The deliberate exclusion: ocp-mirror is not a member of this group. The platform install path is structurally separate from the developer pull path.

Who reads here

  • Jenkins build agents (jenkins-agent-0 and any future agents) — for FROM instructions in Containerfiles, base layers, and intermediate stage images.
  • Developer workstationspodman pull, docker pull, IDE-driven builds.
  • docker-runtime-vm when it pulls a base image during a host-side build (rare; most runtime images come pre-built via Jenkins from app-registry.*).
  • OpenShift cluster nodes — explicitly not part of the audience. Cluster runtime does not pull base images.

Who writes here

Nobody writes through this endpoint. Group repositories in Nexus do not accept writes. Member repositories are populated separately:

  • docker-dev-hosted is populated by Jenkins pushing to app-registry.*.
  • icr-proxy, redhat-proxy, dockerhub-proxy are populated on first miss by the proxy mechanism itself. On a pull request for an unseen tag, Nexus fetches from upstream, caches the manifest and layer blobs, and serves them locally; subsequent pulls hit the cache.

Common image references

# Open Liberty base image (via icr-proxy)
docker-group.apps.sub.comptech-lab.com/appcafe/open-liberty:25.0.0.6-kernel-slim-java17-openj9-ubi-minimal

# UBI minimal (via redhat-proxy)
docker-group.apps.sub.comptech-lab.com/ubi9/ubi-minimal:9.4

# Generic open-source utility (via dockerhub-proxy)
docker-group.apps.sub.comptech-lab.com/library/alpine:3.20

# In-house starter app (via docker-dev-hosted, but pulled by group URL)
docker-group.apps.sub.comptech-lab.com/smoke/readiness-probe:build-8

Convention:

  • Do not include the upstream registry hostname in the image path when using the group. Nexus rewrites the path. Use appcafe/open-liberty:... rather than icr.io/appcafe/open-liberty:....
  • Prefer immutable tags or digests. A :latest reference exposes the cache-staleness gotcha below.

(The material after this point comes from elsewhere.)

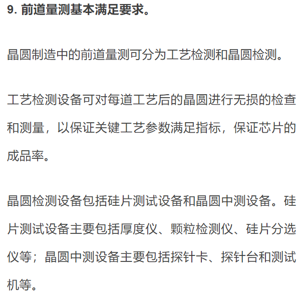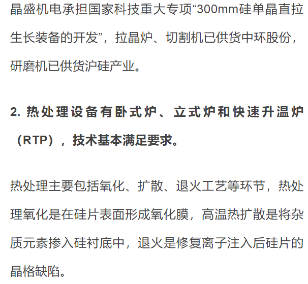 刻蚀之后使用去胶设备将表面遗留的光刻胶去除。屹唐半导体的去胶设备已经进入了5nm生产线。晶圆制造中需要将杂质离子(如硼离子、磷离子)掺入被刻蚀后的特定硅片区域中,从而形成PN结、电阻、欧姆接触等。离子注入是使带电粒子(离子)高速轰击硅片并将其注入硅衬底的方法。中电科旗下北京中科信的12英寸离子注入机已进入中芯国际生产线,工艺覆盖至28nm。万业企业旗下凯世通的离子注入机已突破3nm工艺,主要参数均优于国外同类产品。6. 薄膜沉积环节主要是PVD、CVD设备,基本满足要求。绝缘薄膜(如SiO2)、半导体薄膜(如多晶硅)、导电薄膜(如金属)是芯片中的重要物质,薄膜沉积是各类薄膜形成的最主要方式。薄膜沉积工艺分为物理气相沉积(PVD)、化学气相沉积(CVD)和外延三大类。PVD多应用于金属薄膜的沉积,CVD可应用于绝缘薄膜、半导体薄膜和导电膜层的沉积,外延是在硅片表面生长单晶薄膜的工艺。另外,ALD属于CVD的一种,是目前最先进的薄膜沉积技术。北方华创的PVD设备已经用于28nm生产线中,14nm工艺设备也已实现重大进展。沈阳拓荆的PECVD设备已在中芯国际40-28nm产线使用,ALD设备也在14nm工艺产线通过验证。7. 化学机械抛光环节设备主要是抛光机,目前仍受限制。晶圆制造需要对硅片表面进行平坦化处理,不然会严重影响芯片的结构及良率。化学机械抛光(CMP)结合了化学作用与机械作用,使硅片表面材料与研磨液发生化学反应的同时,在研磨头的压力作用下进行抛光,最终使硅片表面实现平坦化。华海清科和中电科45所均参与02专项项目——“28-14nm抛光设备及工艺、配套材料产业化”,研发300mm晶圆28-14nm“干进干出”CMP整机设备及结合配套材料的成套工艺。目前华海清科的抛光机已进入中芯国际生产线,同时中电科45所8英寸设备正在被中芯国际验证。几乎所有工艺流程都需要清洗环节,清洗步骤占半导体工艺所有步骤的1/3,最多可达到200次。清洗机是将硅片表面的颗粒、有机物、金属杂质等污染物去除,以获得所需洁净表面的工艺设备。北方华创、盛美半导体、至纯科技、芯源微的清洗装备均可实现国产替代,其中盛美半导体是国内唯一进入14nm产线验证的清洗设备厂商。

Pull-through caching, in detail

When a developer runs podman pull docker-group.apps.sub.comptech-lab.com/appcafe/open-liberty:25.0.0.6-kernel-slim-java17-openj9-ubi-minimal:

  1. The client opens a TLS connection to docker-group.apps.sub.comptech-lab.com:443 (HAProxy edge).
  2. HAProxy terminates TLS and forwards the request to Nexus :5001.
  3. Nexus receives the request on the docker-group group connector.
  4. Nexus iterates members in order; docker-dev-hosted doesn’t have this manifest, so it falls through.
  5. icr-proxy reaches its remote storage configuration (icr.io) and asks for appcafe/open-liberty:25.0.0.6-....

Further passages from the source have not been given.